» Goal of the exercise
Could you retype the lines below, starting at the line holding "Pulti imajo zavihek" and stopping at the line holding "Custom designed bedroom", inclusive? Copy them exactly and drop the images.

» Data shown
::::::
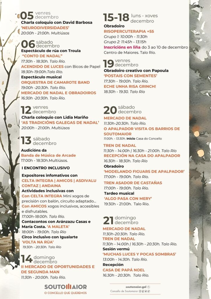 Baixo o lema “Vivir o Nadal en Soutomaior”, inclúese tamén no programa sorteos de vales de 100 euros entre a clientela que faga as súas compras no comercio e na hostalería local desde o 5 de decembro de 2025 ata o 7 de xaneiro de 2026, ambos incluídos) e se promoven tamén actividades deportivas como a carreira do San Silvestre que se desenvolverá o sábado 27 de decembro con inscricións abertas do 10 ao 21 de decembro.
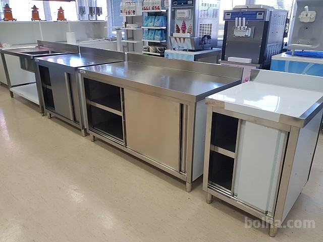 Pulti imajo zavihek + 10 cm proti zatekanj,so zaprt z drsnimi vratci.$ x noge nastavljive inox
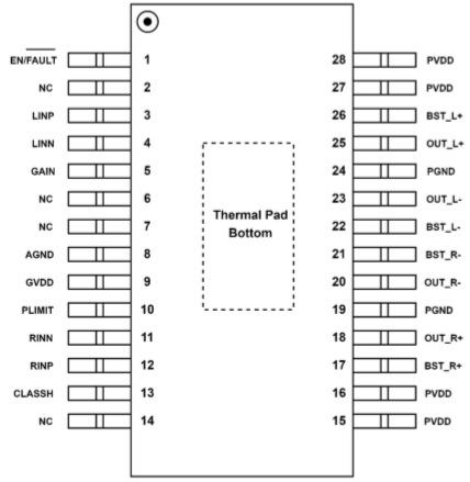 42W, 1% THD+N, 14.5V, 2Ω, PBTL |
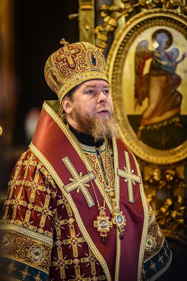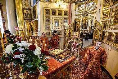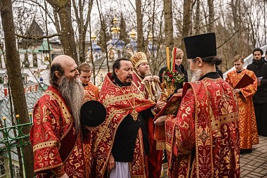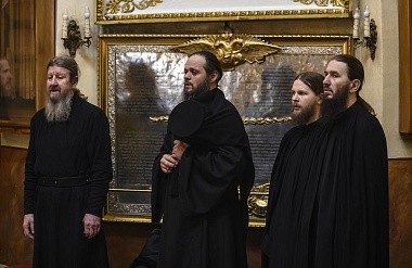 Его Высокопреосвященству сослужила братия обители в священном сане.
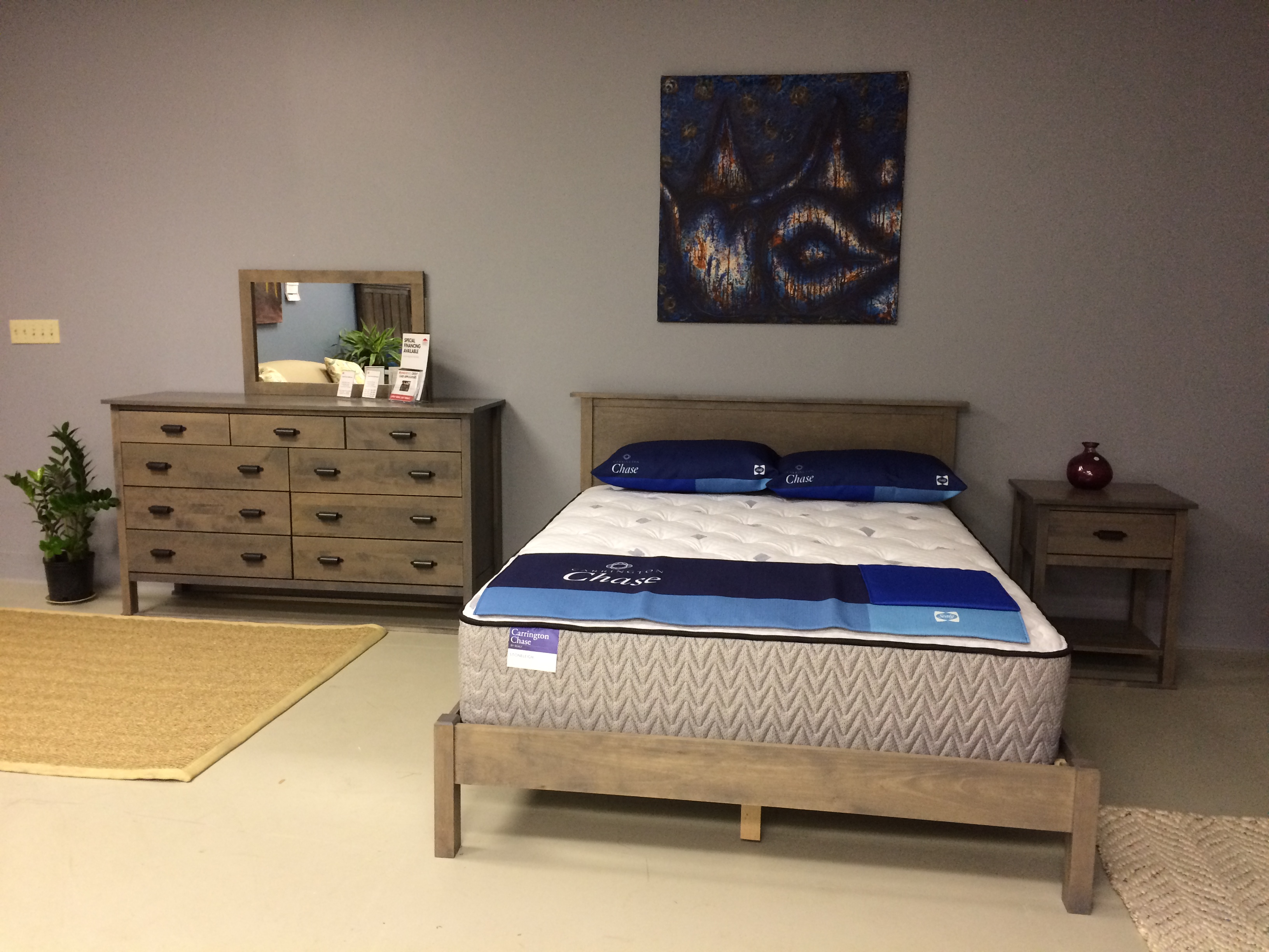 Custom designed bedroom with Queen Bed, One Drawer Nightstand, 9 Drawer Dresser and Mirror. Solid birch Made in USA from sustainably sourced wood. This bedroom set will stay in style and last for years. The clean lines and custom detail on each piece will make a statement in your home as you choose to own something with a low environmental impact.Read More
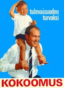 In 1951, the party changed its official name from the original Kansallinen Kokoomuspuolue to the current Kansallinen Kokoomus. The 1950s were also a time of ideological shifts, as the emphasis on individual liberty and free market reforms increased at the expense of social conservatism and maintenance of a strong government. A minor division in 1958 led to the formation of the Christian Democrats party. From 1966 to 1987, the party was in the opposition.[25] By criticizing Finnish communists and President Urho Kekkonen of the Centre Party, the party had lost the President's trust—and thus governments formed by the Centre Party and left-wing parties followed one another. A new guard emerged within the Kok in the 1970s that sought to improve relations with long-serving President Kekkonen. Their work was partially successful in the late 1970s.[26] However, even though the Kok supported Kekkonen for president in 1978 and became the second largest party in the country in the 1979 parliamentary election, a spot in the government continued to elude the Kok until the end of Kekkonen's time in office.[17][18][24]
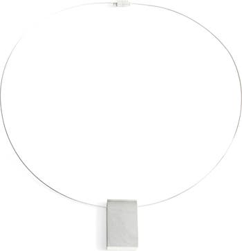 A rectangular pendant accentuates the modern, minimalist design of this rigid silvertone necklace.
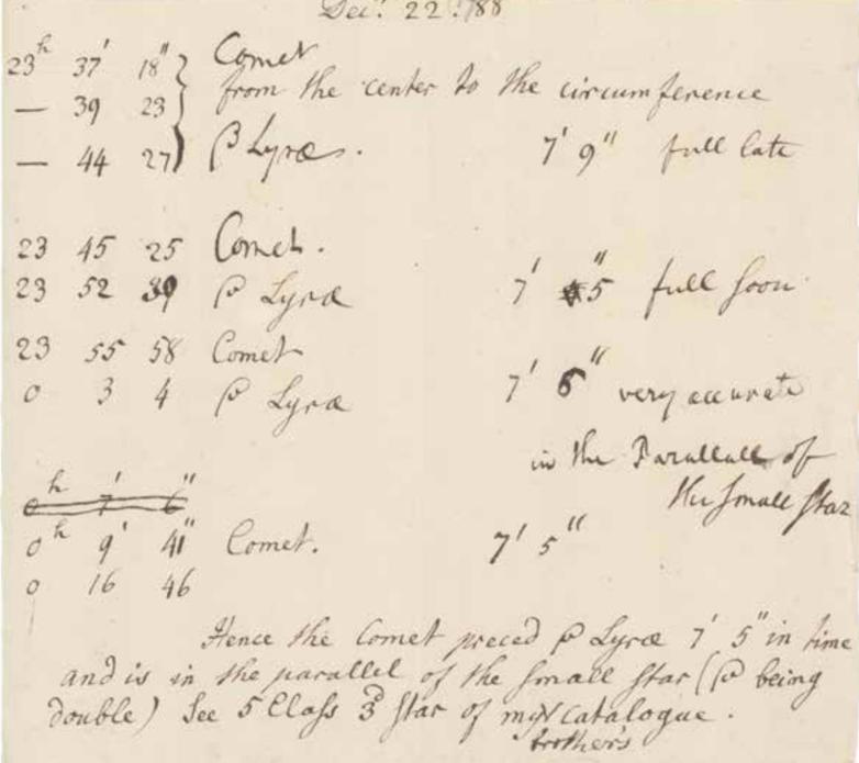 * Caroline Herschel, autograph manuscript observations of her discovery of a comet. In this wonderful scientific manuscript Caroline Herschel records her observations of her newly-discovered comet, known today as 35P/Herschel-Rigollet. Caroline Herschel manuscripts are very rare in the market. Only one letter—and no scientific manuscripts—appears in the auction records of the past fifty years.
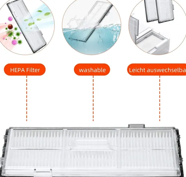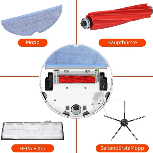 Alla viktiga tillbehör i ett set: Setet innehåller 2 st huvudborstar och flera sidoborstar, filter och moppdukar med optimal passform och enkla att byta.
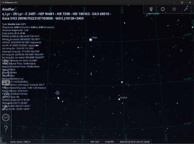 To determine its precise location and size, we used three nearby stars - Vega, Sulafat, and Aladfar - as reference points. By calculating the angles to these stars from each camera's perspective at the same exact moment (synchronized very exactly using meteors captured on both feeds), we could triangulate the object's position and velocity in the sky using some specialized astronomical calculations.
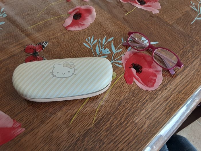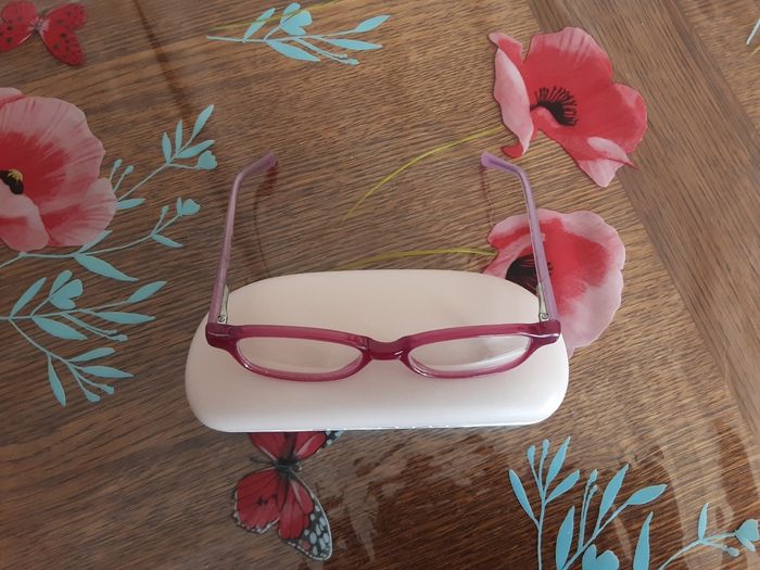 Monture lunette enfant fille , il y a encore les verres dessus à faire enlever chez l’opticien pour mettre les nouveaux verres à votre vue .. rose ..quelques petites traces d’usures sur les bout des branches ...ma fille les avaient mit de 3 ans jusqu’à 4 ans pour donner une idée..
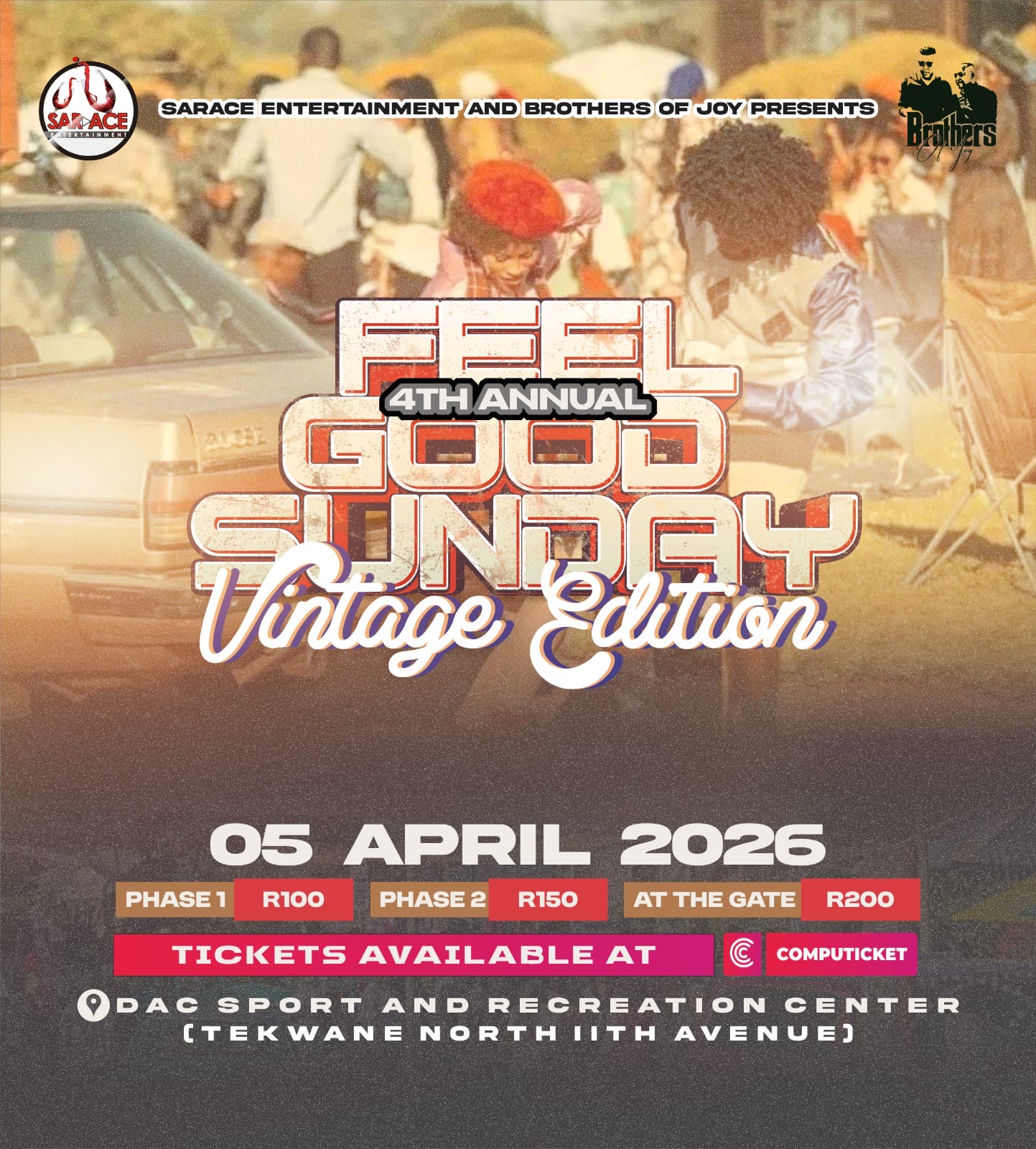 Join us for Feel Good Sunday Vintage Edition on April 5, 2026 at Eleventh Avenue in Tekwane North, Mpumalanga. Experience the vibrant Kofifi culture with live performances from talented local artists, a vintage market showcasing unique treasures, delicious food stalls offering a variety of cuisines, and interactive activities for all ages. From noon until midnight the venue will come alive with music, dance and nostalgic charm ? perfect for friends and family looking to unwind and create lasting memories. Early Bird tickets include free parking; grab your tickets now and be part of an extraordinary celebration of community, music and togetherness.
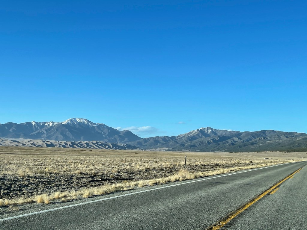 Loaded Ellie up, set the GPS for the Great Sand Dunes, and off we went. The experience with Micah was still fresh in my mind. We drove through some really pretty terrain. When I had made the turn onto the final main road, I could have sworn I saw the Sand Dunes in the mountains. My mind kept playing tricks on me, that no dunes could exist in a mountain range. My estimations approximated the dunes smack in the center of the range of mountains visible from this road.
::::::
» Reply
 Pulti imajo zavihek + 10 cm proti zatekanj,so zaprt z drsnimi vratci.$ x noge nastavljive inox
 42W, 1% THD+N, 14.5V, 2Ω, PBTL |
 Его Высокопреосвященству сослужила братия обители в священном сане.
 Custom designed bedroom with Queen Bed, One Drawer Nightstand, 9 Drawer Dresser and Mirror. Solid birch Made in USA from sustainably sourced wood. This bedroom set will stay in style and last for years. The clean lines and custom detail on each piece will make a statement in your home as you choose to own something with a low environmental impact.Read More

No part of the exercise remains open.